» **Supplied information**:

···

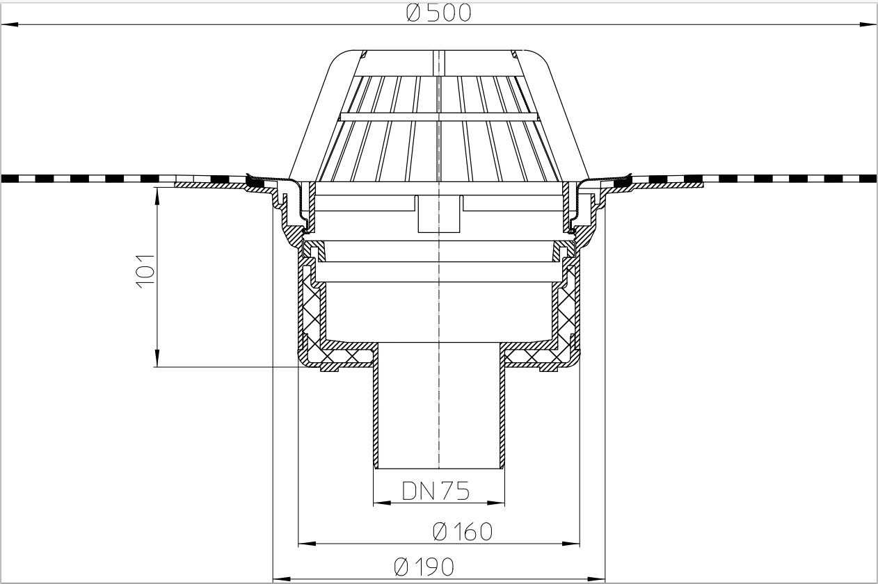 Скачать страницуКровельная воронка с вертикальным выпуском с листвоуловителем из ПП и с «фартуком» из гидроизоляционного полимербитумного полотнаб DN75
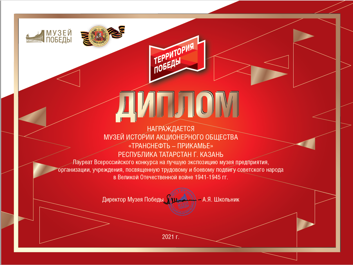 10. Экспозиция в музее предприятия и выставочном зале ДОЛ "Орленок" , посвященная ВОВ, стала победителем конкурса "Корпоративный музей" и конкурса Музея Победы "Лучшая экспозиция..."
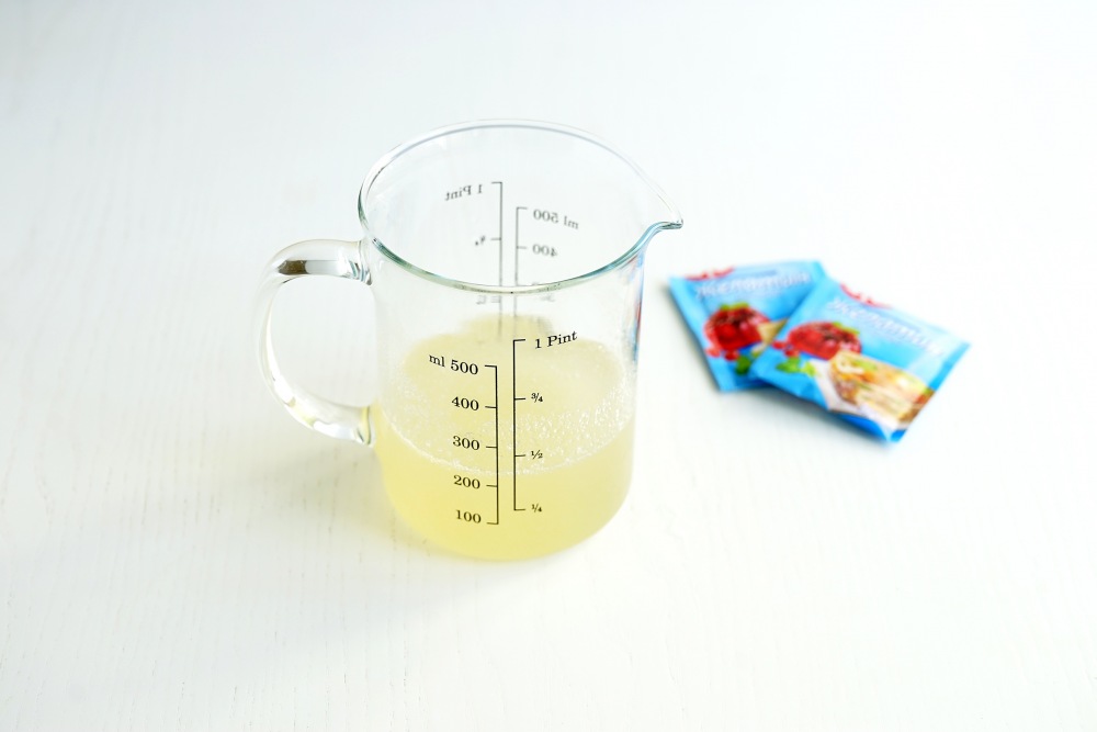 Подготовить желатин. Залить весь желатин холодной водой, дать набухнуть около 7 минут и после растопить на маленьком огне.

···

» **Problem to work on**:
Please retype the data exactly, but do not carry over any picture.

» **Response to the exercise**:
 Скачать страницуКровельная воронка с вертикальным выпуском с листвоуловителем из ПП и с «фартуком» из гидроизоляционного полимербитумного полотнаб DN75
 10. Экспозиция в музее предприятия и выставочном зале ДОЛ "Орленок" , посвященная ВОВ, стала победителем конкурса "Корпоративный музей" и конкурса Музея Победы "Лучшая экспозиция..."
 Подготовить желатин. Залить весь желатин холодной водой, дать набухнуть около 7 минут и после растопить на маленьком огне.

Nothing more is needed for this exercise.